- Your instructions -
The following data is to be repeated exactly, its pictures excluded.

- Data extract -
^^^^^^^^

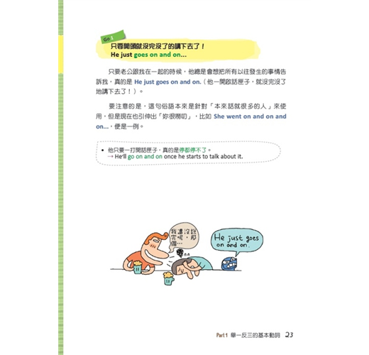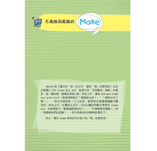 2.閱讀完此書,讓我因為英文而煩悶的心鬆了一大口氣,只要一想到文中的俗語,馬上就能聯想起 get、have完整意義以及作法,就像有位朋友在身旁親切的教導我英文,自然而然開口練習起來,真的很感謝作者的用心!(金宇先,36歲,語言教育者)
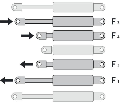 なお、ガススプリングを選ぶときは、ロッドが完全に伸びる5ミリ手前の力、一番弱くなるF1を基準に考えます。
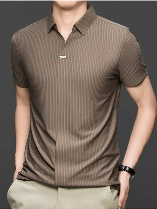 قميص بولو رجالي صيفي بتصميم عصري ورياضي، يوفر راحة مثالية طوال اليوم مع أكمام منتظمة وخامة منخفضة المرونة لتناسب الإطلالات اليومية والرياضية في فصل الصيف.
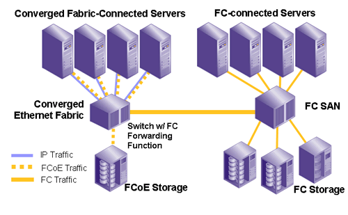 Atualmente, as empresas mantém duas redes, uma para LAN, baseada no Ethernet, e outra para SAN, baseada no Fibre Channel. Convergir as duas redes em uma única infra-estrutura Ethernet permitirá a consolidação I/O. Num mesmo cabo físico poderá passar tráfegos poderá passar tráfegos FC e da Ethernet, Figura 2.24.

^^^^^^^^

- Solution to this exercise -
 2.閱讀完此書,讓我因為英文而煩悶的心鬆了一大口氣,只要一想到文中的俗語,馬上就能聯想起 get、have完整意義以及作法,就像有位朋友在身旁親切的教導我英文,自然而然開口練習起來,真的很感謝作者的用心!(金宇先,36歲,語言教育者)
 なお、ガススプリングを選ぶときは、ロッドが完全に伸びる5ミリ手前の力、一番弱くなるF1を基準に考えます。
 قميص بولو رجالي صيفي بتصميم عصري ورياضي، يوفر راحة مثالية طوال اليوم مع أكمام منتظمة وخامة منخفضة المرونة لتناسب الإطلالات اليومية والرياضية في فصل الصيف.
 Atualmente, as empresas mantém duas redes, uma para LAN, baseada no Ethernet, e outra para SAN, baseada no Fibre Channel. Convergir as duas redes em uma única infra-estrutura Ethernet permitirá a consolidação I/O. Num mesmo cabo físico poderá passar tráfegos poderá passar tráfegos FC e da Ethernet, Figura 2.24.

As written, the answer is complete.